** Work request **
Exactly repeat all the records below, omitting the images they hold.

──────── Input data

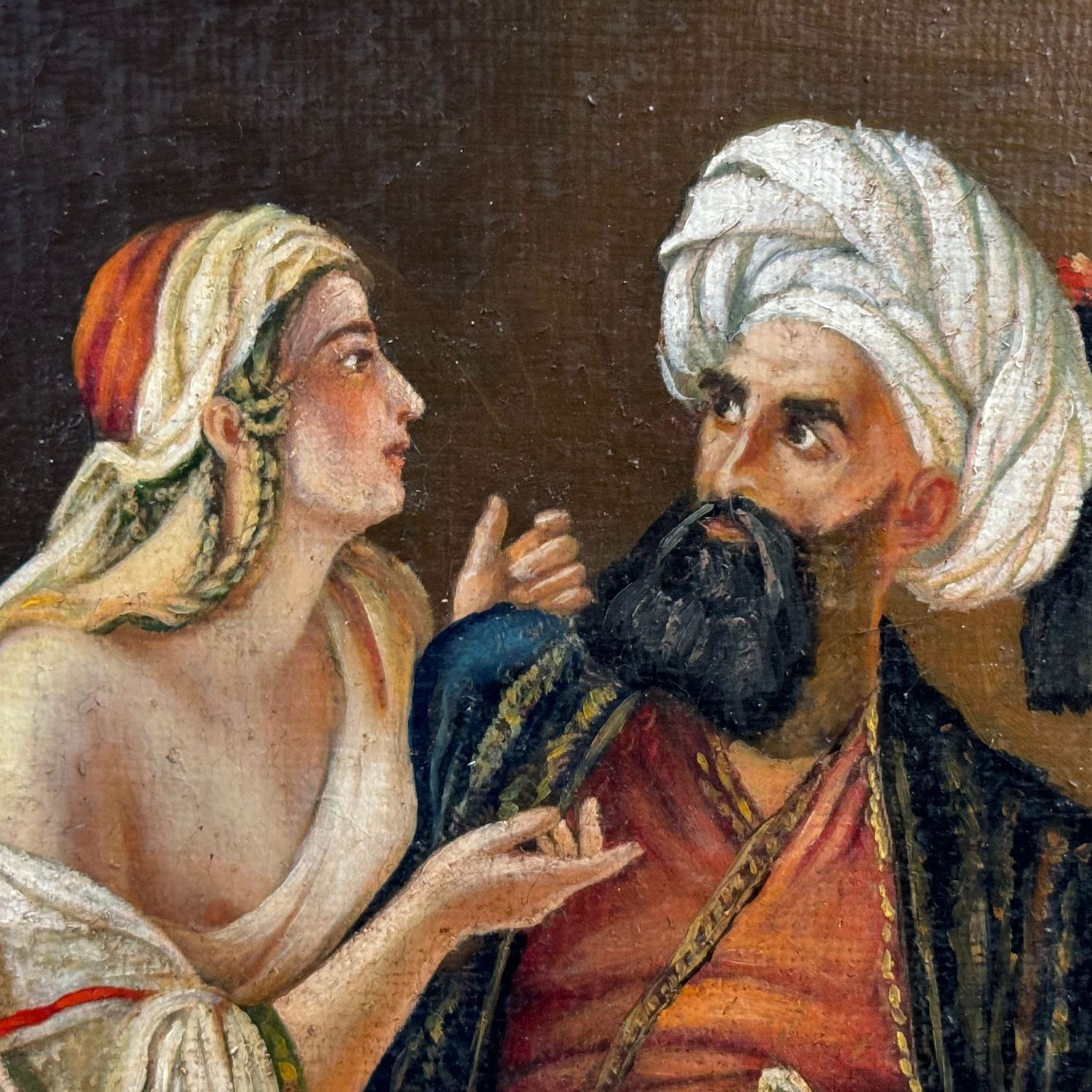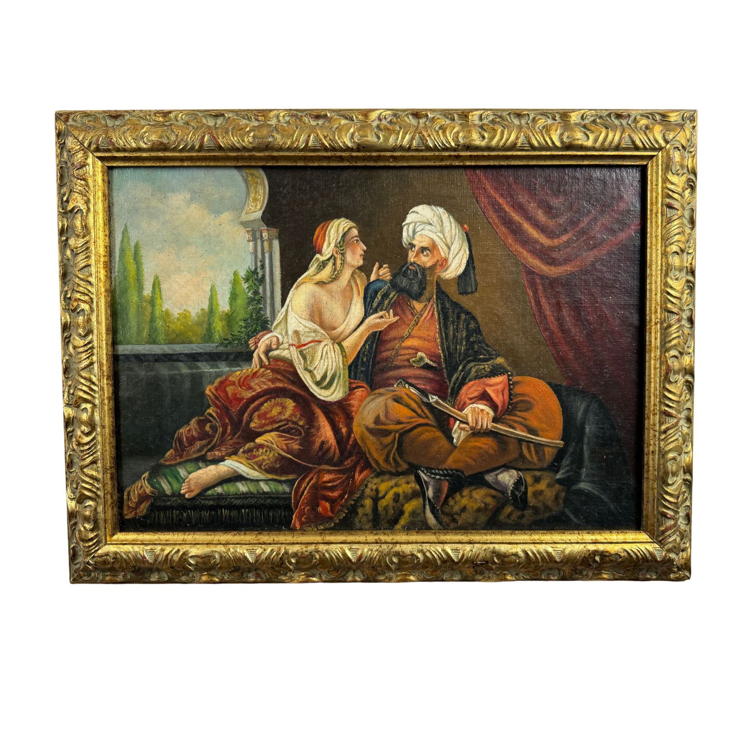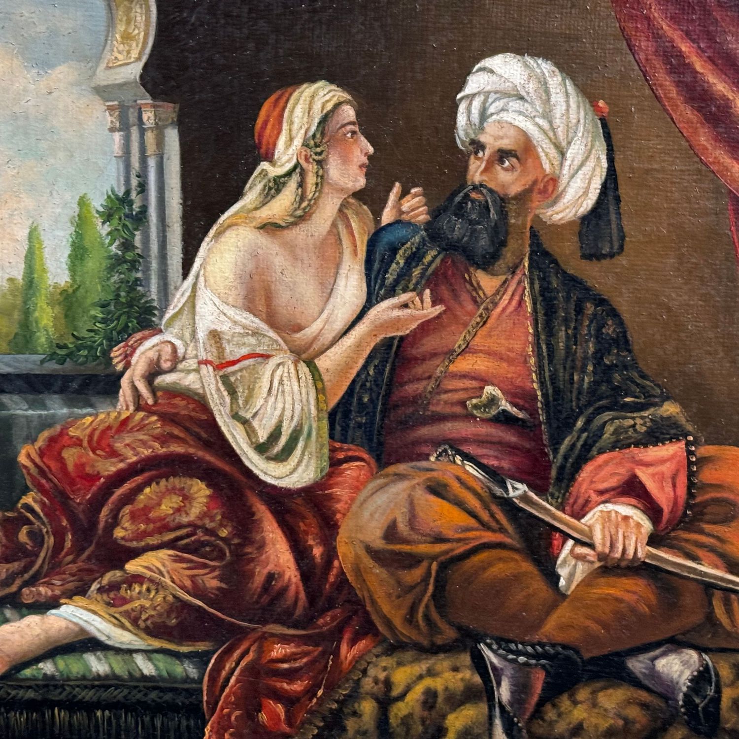 Dipinto olio su tela, periodo XIX/XX secolo scuola Italiana, tratto da un'opera di Emil Jacobs, raffigurante Ali Pasha e Kira Vassiliki.
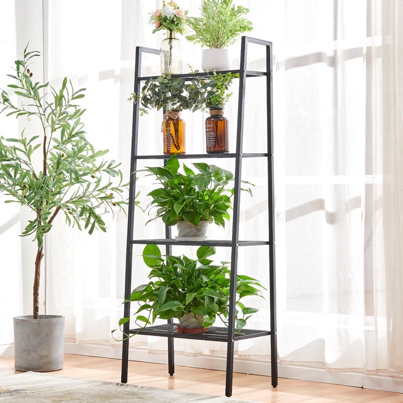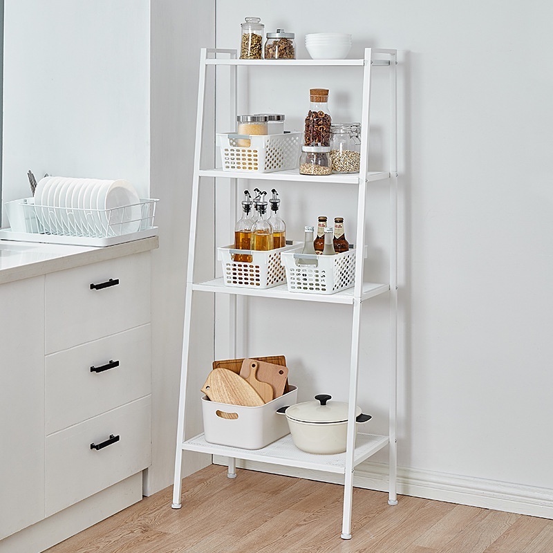 Oneworldshop ชั้นวางของสแตนเลส เคลือบเซรามิก ชั้นอเนกประสงค์ 4 ชั้น ทรงสี่เหลี่ยมคางหมูรับน้ำหนักได้ 150 kg CB-404
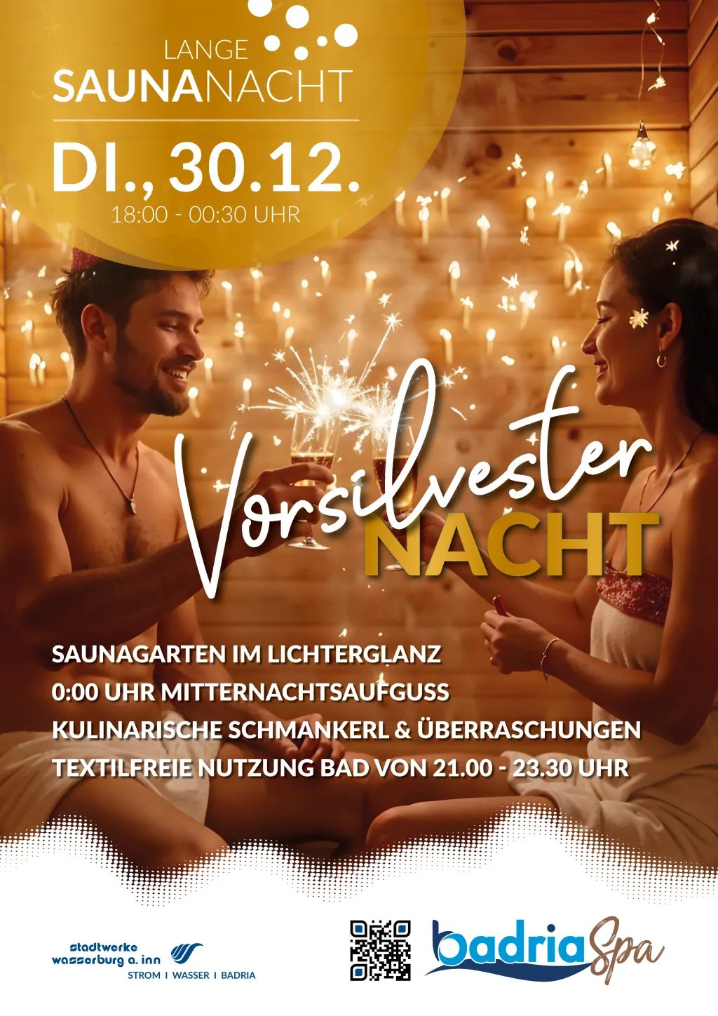 Von 21:00 bis 23:30 Uhr steht Dir das gesamte Bad textilfrei zur Verfügung – eine exklusive Gelegenheit, das Badria in wohliger Entspanntheit zu genießen. Um Mitternacht erwartet Dich ein besonderer Mitternachtsaufguss, der Dich auf das neue Jahr einstimmt. Die Sauna schließt um 00:30 Uhr.
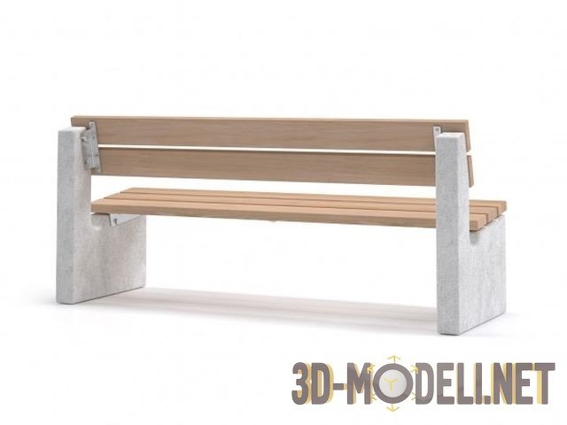 Уличная скамья со спинкой производства бренда BURRI, серия MARO. Опорная конструкция скамьи: оцинкованная стальная плита, боковые кронштейны сделаны из бетона, серого цвета. Сиденье и спинка деревянные. Общий вес 145 кг. Размеры: 1800 х 790 х 450 х 634 мм
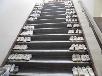 階段に並んでいる白い下くつは3年生のものです。幸か不幸か南中の体育館には下駄箱が不足しており、沢山の人が体育館を利用する場合は、下くつを下駄箱以外の場所におくしかありません。写真は3年生が工夫してくつを置いている状況です。ちなみに、この並べ方は教師は何も言っていません、すべて生徒たちで考えたものです。
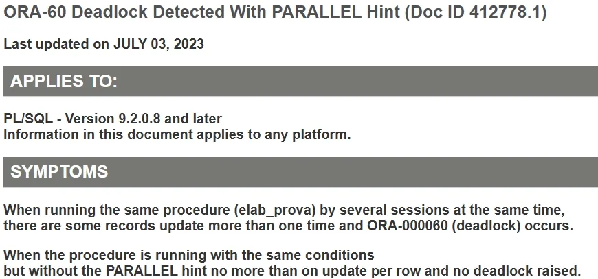 最近在生产上遇到一个死锁问题,问题Oracle 抛出了 ORA-000060 异常。帮解
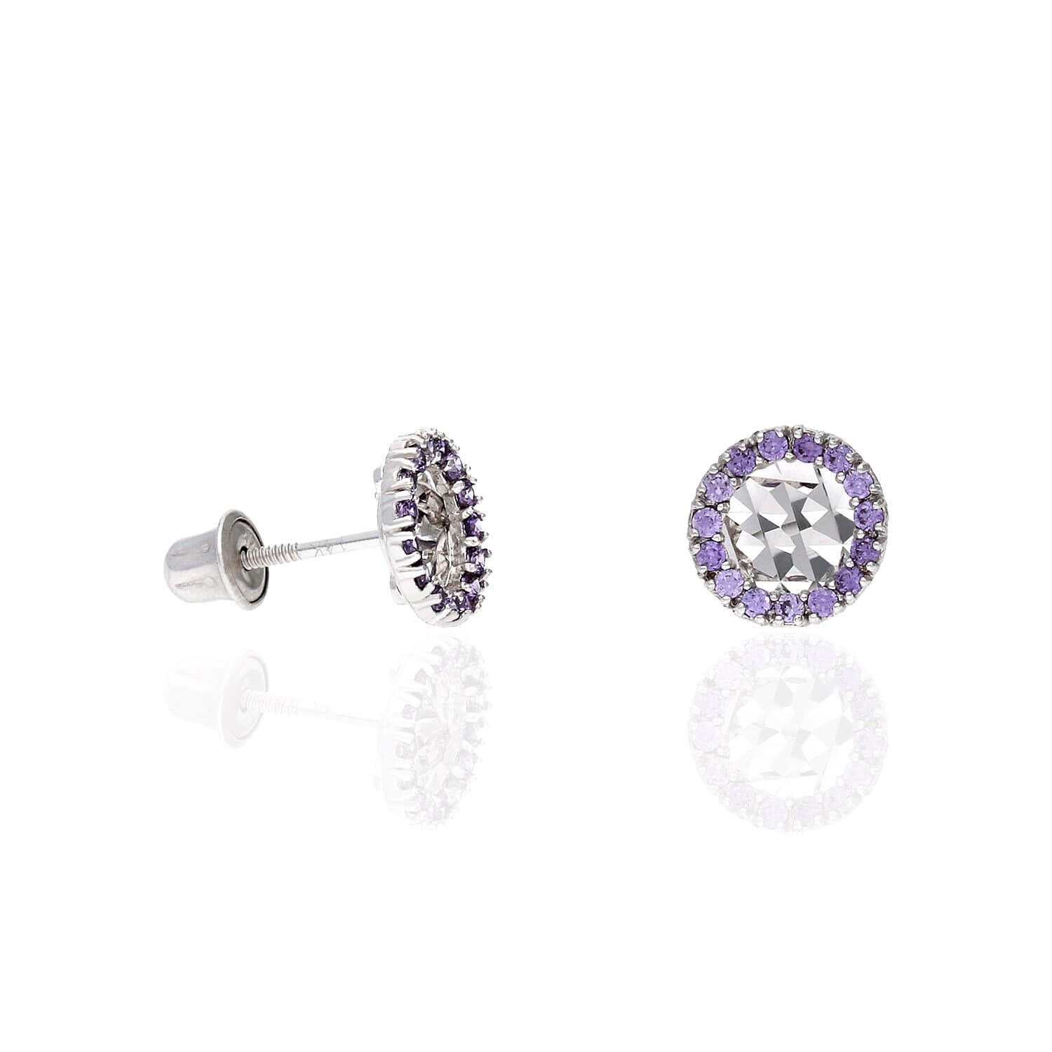 Read full return policy14K White Gold Diamond-Cut Gemstone Round Halo 7mm Screw Back Stud Earrings
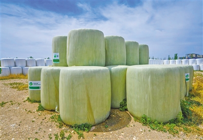 “收割完的苜蓿草会用多层的拉伸膜打包成高1.2米、宽1米的圆柱形‘草罐头’。由于形成了密封厌氧的环境,封闭性比较好,发酵后的牧草不易腐烂变质,可将保质期延长至2到3年,也避免了苜蓿营养物质的损失。”在收割现场,苜蓿草种植基地负责人告诉记者,“草罐头”发酵后会产生乳酸菌,且在饲喂过程中不存在二次氧化、腐烂、霉变等问题,提高了青贮饲料的品质与利用率,同时还会产生一种非常浓郁的芳香味道,不仅营养价值更高,而且能帮助奶牛提高产奶量。
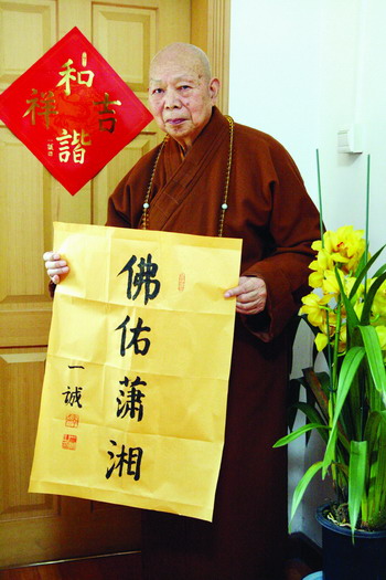 坐在北京廣濟寺中國佛教協會辦公室里,全國政協常委、中國佛教協會會長一誠大和尚不禁面露愁云,為家鄉湖南遭遇雪災而擔憂著。80高壽的一誠大和尚用稍微有點顫抖的手提起了筆,飽含深情地寫下了“佛佑瀟湘”四個大字,“祈愿家鄉湖南能永離災難,人們幸福安康”。為此他還準備為家鄉捐出5萬元。
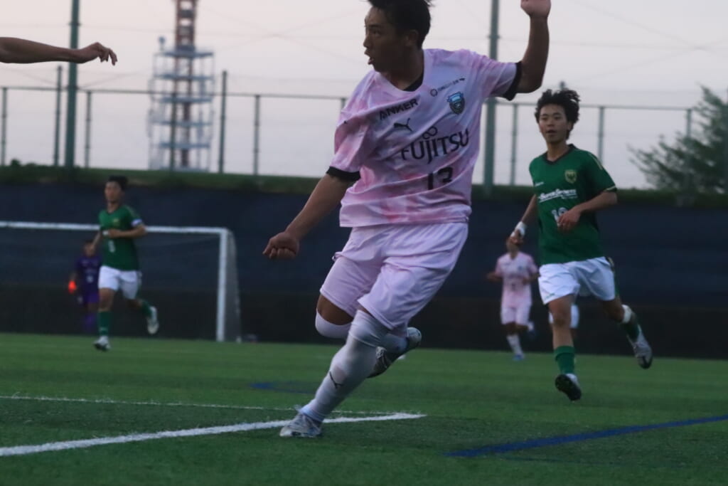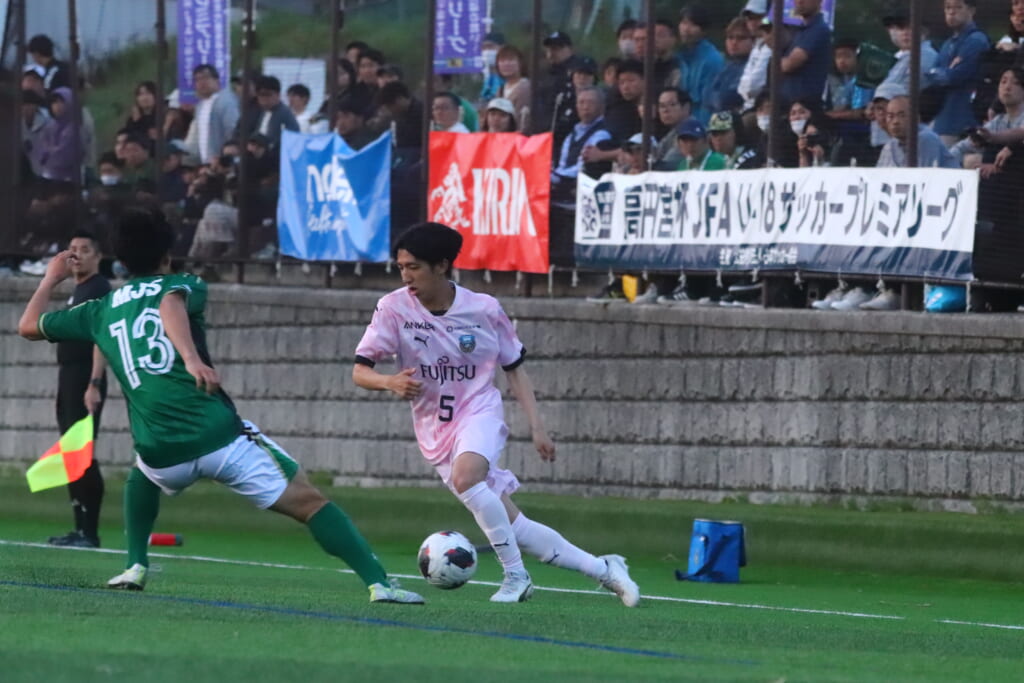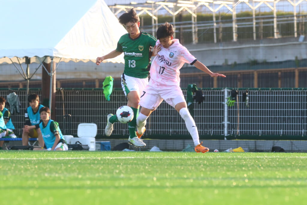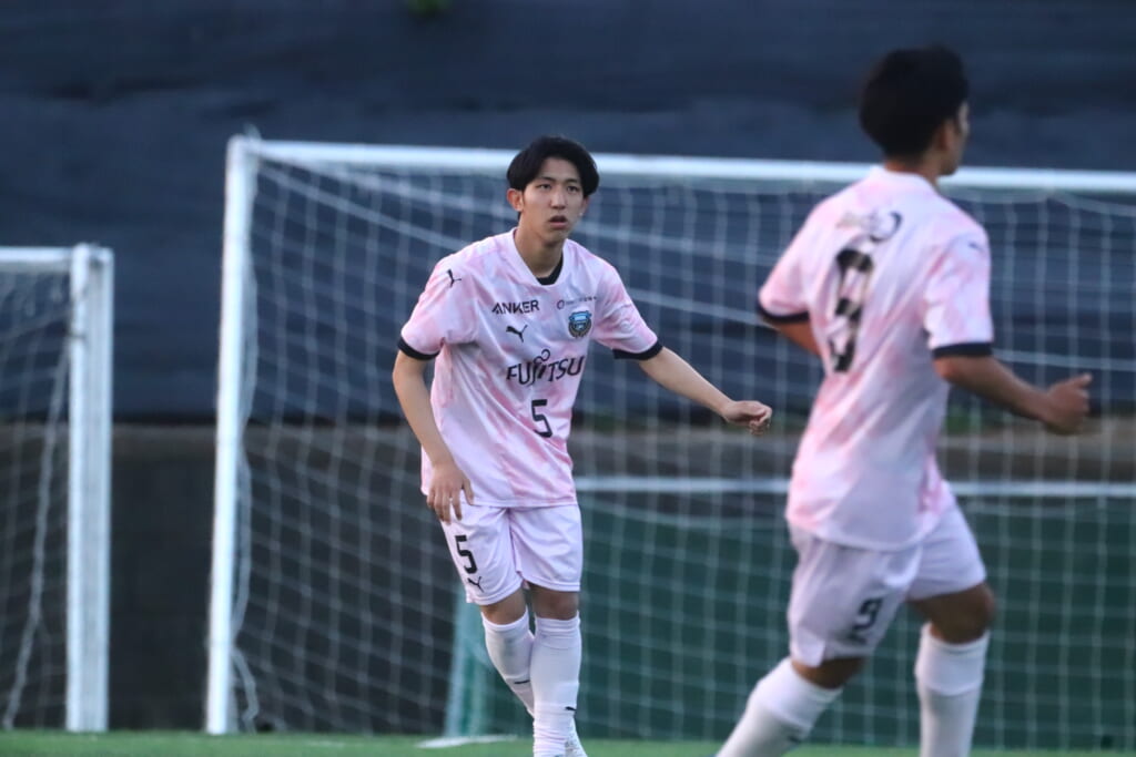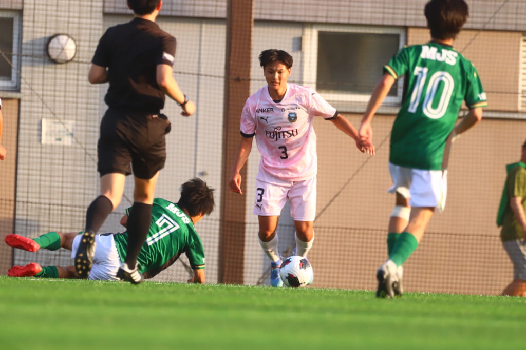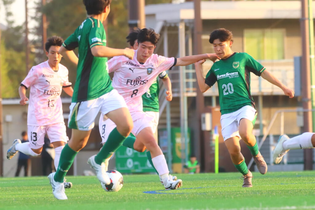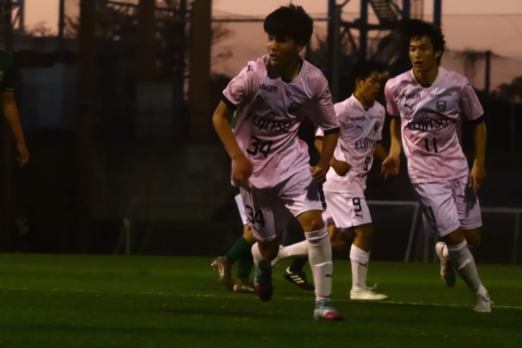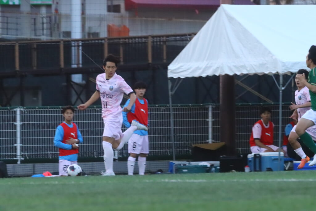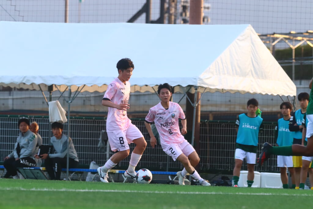 左サイドへ展開し、木下晴天や広瀬、原田がかかわって高い位置でつながり、フロンターレの陣内でプレーする時間をつくっていきますが、フロンターレもコンパクトに粘り強く対応。セカンドボールを拾った小川尋斗が左サイド、高い位置へ。攻撃へ持ち込もうとしていきます。
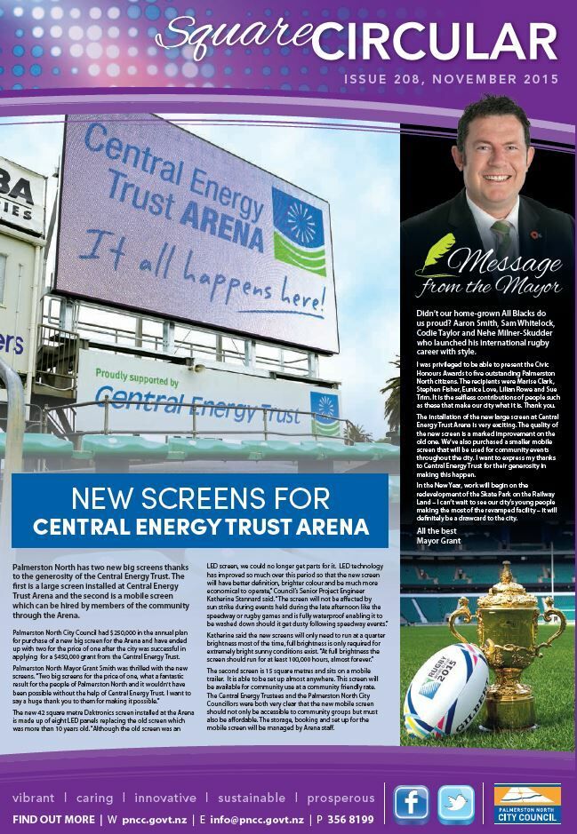 The Square Circular was Palmerston North City Council's monthly community publication, informing Palmerstonians of PNCC initiatives, activites, and events. This month's issue includes: Central Energy Trust Arena screens; Grant Smith; gardening; civil defence; civic honour awards; kapa haka competition; skate park upgrade; water conservation; Hopwood clock tower; Moxies; Esplanade scenic railway; councillor contact details; council meetings.

────────────────

** Solution to this problem **
 Dipinto olio su tela, periodo XIX/XX secolo scuola Italiana, tratto da un'opera di Emil Jacobs, raffigurante Ali Pasha e Kira Vassiliki.
 Oneworldshop ชั้นวางของสแตนเลส เคลือบเซรามิก ชั้นอเนกประสงค์ 4 ชั้น ทรงสี่เหลี่ยมคางหมูรับน้ำหนักได้ 150 kg CB-404
 Von 21:00 bis 23:30 Uhr steht Dir das gesamte Bad textilfrei zur Verfügung – eine exklusive Gelegenheit, das Badria in wohliger Entspanntheit zu genießen. Um Mitternacht erwartet Dich ein besonderer Mitternachtsaufguss, der Dich auf das neue Jahr einstimmt. Die Sauna schließt um 00:30 Uhr.
 Уличная скамья со спинкой производства бренда BURRI, серия MARO. Опорная конструкция скамьи: оцинкованная стальная плита, боковые кронштейны сделаны из бетона, серого цвета. Сиденье и спинка деревянные. Общий вес 145 кг. Размеры: 1800 х 790 х 450 х 634 мм
 階段に並んでいる白い下くつは3年生のものです。幸か不幸か南中の体育館には下駄箱が不足しており、沢山の人が体育館を利用する場合は、下くつを下駄箱以外の場所におくしかありません。写真は3年生が工夫してくつを置いている状況です。ちなみに、この並べ方は教師は何も言っていません、すべて生徒たちで考えたものです。
 最近在生产上遇到一个死锁问题,问题Oracle 抛出了 ORA-000060 异常。帮解
 Read full return policy14K White Gold Diamond-Cut Gemstone Round Halo 7mm Screw Back Stud Earrings
 “收割完的苜蓿草会用多层的拉伸膜打包成高1.2米、宽1米的圆柱形‘草罐头’。由于形成了密封厌氧的环境,封闭性比较好,发酵后的牧草不易腐烂变质,可将保质期延长至2到3年,也避免了苜蓿营养物质的损失。”在收割现场,苜蓿草种植基地负责人告诉记者,“草罐头”发酵后会产生乳酸菌,且在饲喂过程中不存在二次氧化、腐烂、霉变等问题,提高了青贮饲料的品质与利用率,同时还会产生一种非常浓郁的芳香味道,不仅营养价值更高,而且能帮助奶牛提高产奶量。
 坐在北京廣濟寺中國佛教協會辦公室里,全國政協常委、中國佛教協會會長一誠大和尚不禁面露愁云,為家鄉湖南遭遇雪災而擔憂著。80高壽的一誠大和尚用稍微有點顫抖的手提起了筆,飽含深情地寫下了“佛佑瀟湘”四個大字,“祈愿家鄉湖南能永離災難,人們幸福安康”。為此他還準備為家鄉捐出5萬元。
 左サイドへ展開し、木下晴天や広瀬、原田がかかわって高い位置でつながり、フロンターレの陣内でプレーする時間をつくっていきますが、フロンターレもコンパクトに粘り強く対応。セカンドボールを拾った小川尋斗が左サイド、高い位置へ。攻撃へ持ち込もうとしていきます。
 The Square Circular was Palmerston North City Council's monthly community publication, informing Palmerstonians of PNCC initiatives, activites, and events. This month's issue includes: Central Energy Trust Arena screens; Grant Smith; gardening; civil defence; civic honour awards; kapa haka competition; skate park upgrade; water conservation; Hopwood clock tower; Moxies; Esplanade scenic railway; councillor contact details; council meetings.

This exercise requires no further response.